Amidst the rapid trend of buying beauty products online due to the availability of variety in one place without transport and more offers, brands need to maintain a good image in front of customers. To tackle this issue, we proposed to make a sentiment analysis model that highlights the positive and negative aspects of products that these brands can use to understand the problems of their customers and give them a better experience. For this experiment, we used web scraping tools like BeautifulSoup and Python to get more than 9000 primary data and further preprocessed and labeled them according to the needs of the project objectives before preprocessing. Decision tree algorithms are the most preferred one in many data mining applications and they are basically tree like structures where internal nodes depict the decisions and the leaf nodes represent the class labels. Overfitting is the main issue of this algorithm due to depth or noise in the dataset. Therefore its extension called Random forests is more preferred as the randomness of the model reduces the overfitting of the models and improves generalization. It is also more suitable at capturing noise than decision trees, which is important for the application of sentiment analysis where data scraping has been used. This is due to the inaccuracies that occur in user input data or system translation faults.

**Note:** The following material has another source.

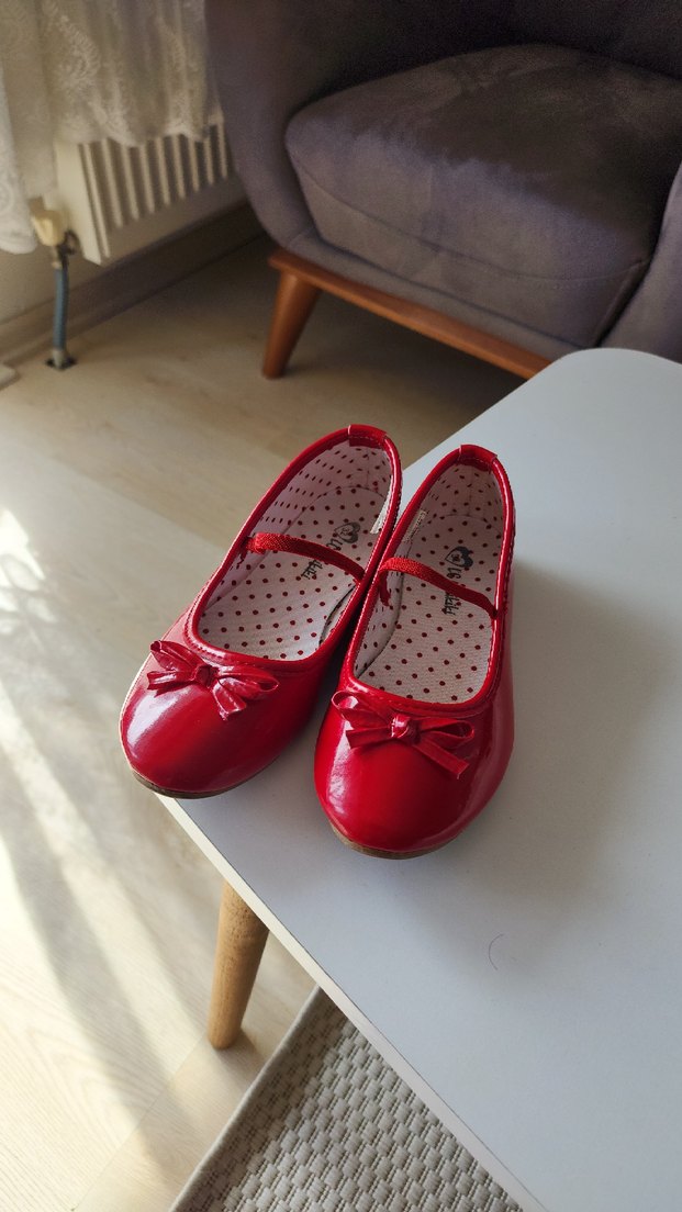 Kız çocuklar için kırmızı, fiyonklu babetler. Düz yüzeyli, renkli ve klasik tarzda kauçuk malzemeden üretilmiştir. 1 defa giyildi

Amazon reviews were scraped on Google Colab, with the NVIDIA T4 Tensor Core GPU. The Application Programming Interfaces (APIs) include Requests, BeautifulSoup, and DataFrame. Requests API was used to send HTTP requests, and retrieve content from the listed URLs. In order to parse the retrieved HTML content and extract specific elements, BeautifulSoup API was used. This data was manipulated and converted into a CSV (commaseparated values) file with the DataFrame API provided by the Pandas library.
The scraped data is divided into 70% training data and 30% testing data. 9289 Reviews from a total of 77 Nivea products were scraped from https://www.amazon.ae/.

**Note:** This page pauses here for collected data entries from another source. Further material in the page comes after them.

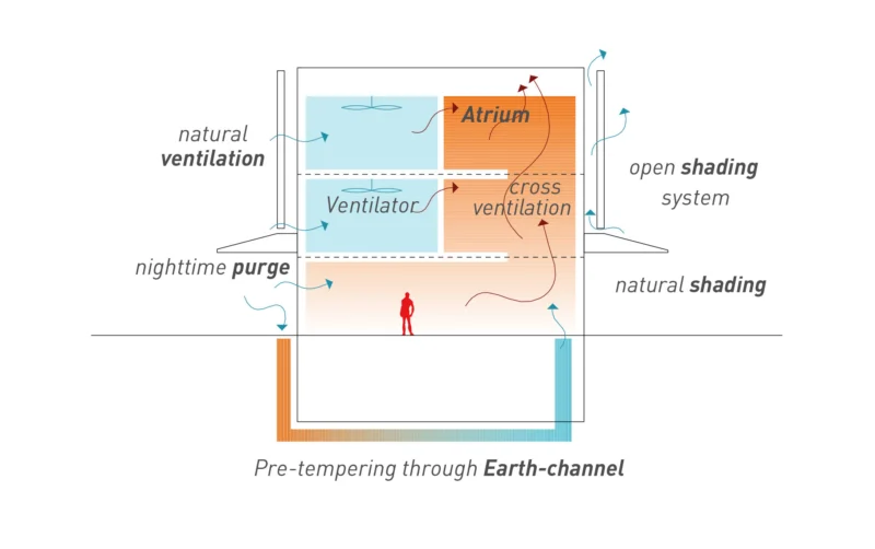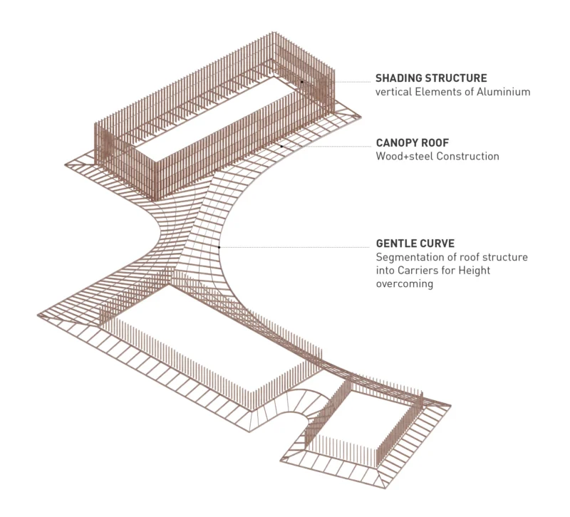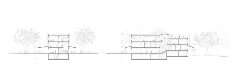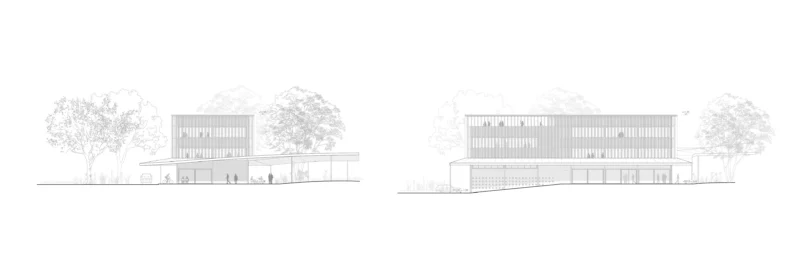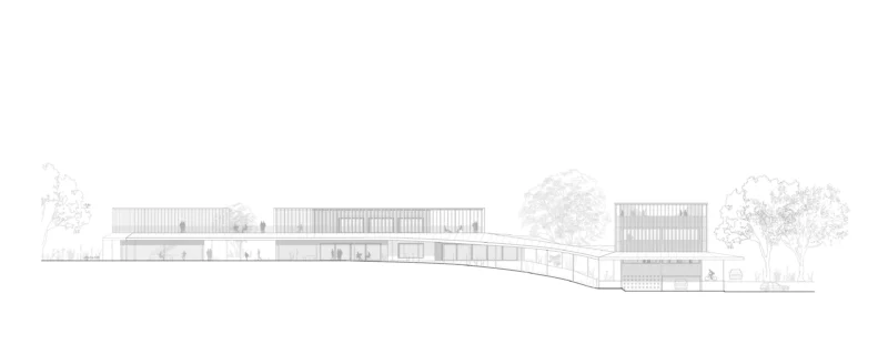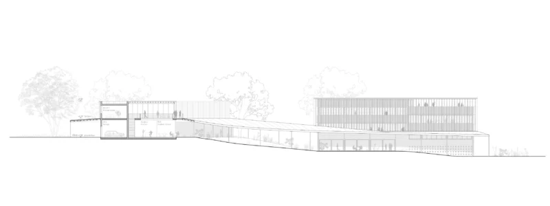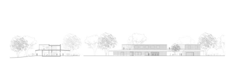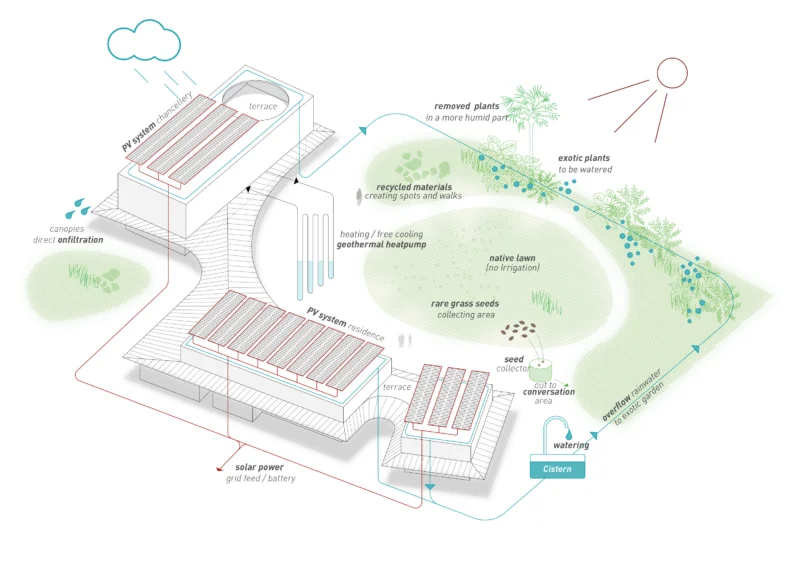 Die neue Landschaftsarchitektur folgt dem Genius Loci und nutzt Elemente des Monaro Grasslands: Eukalyptusbäume und einheimische Gräser ersetzen die bisherige energie- und wasserintensive Bepflanzung durch einen trockenheitsresistenten Garten. Der Entwurf setzt auf Mischbauweise aus Holz und Hanfkalk für die Obergeschosse, Stahlbeton für Untergeschoss und Kerne. Recyclierte Abrissmaterialien werden im Außenbereich wiederverwendet, Regenwasser vollständig auf dem Grundstück versickert.
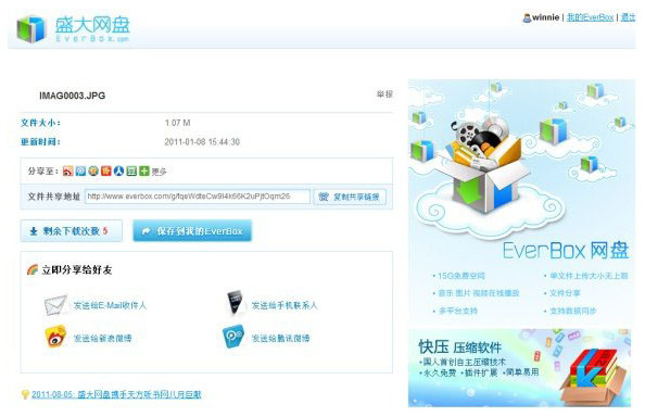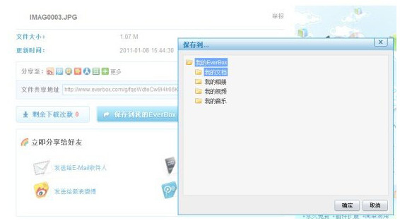 注意:每個文件可以無限制的下載5次(點擊彈出下載保存框算一次),次數為0后,EverBox的注冊用戶仍可隨意下載(注冊EverBox很方面,而且是免費的)。另外,注冊用戶還可以把這個文件轉存到自己的EverBox網盤里,點擊“保存到我的EverBox”,然后選擇保存位置就可以了。轉存到自己的網盤,不用擔心找不到或者丟失了。
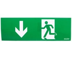 Piktogram PM26 100x300 strzałka dół człowiek w drzwiach logo awex (ISO7010)
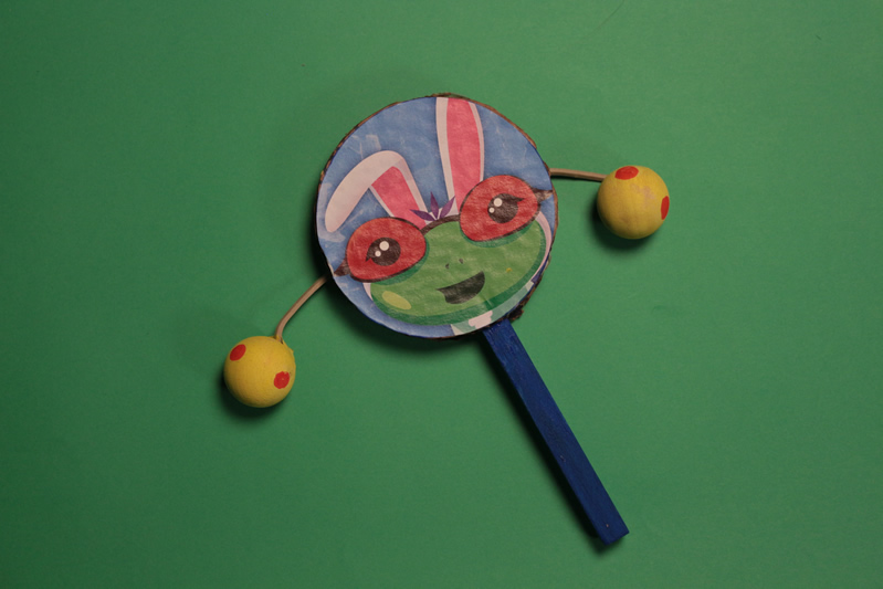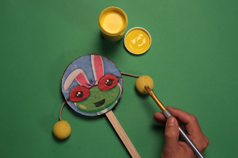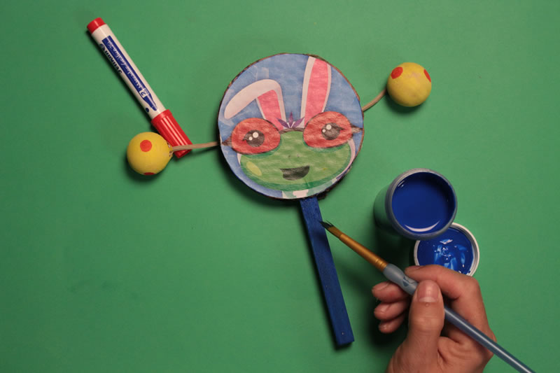 12. Pinten las bolitas de madera y el palito del tamborín con sus colores preferidos.

Upon retrieving the CSV file, further manipulations and models were implemented in Jupyter Notebooks. API’s from NLTK, and Scikit-learn were used. The NLTK API provided tools for Natural Language Processing such as stemming, lemmatization, and removal of stop words. Scikitlearn provided various functionalities for the preprocessing of data, splitting into training and testing dataframes, classification, cross-validation, and methods for model evaluation.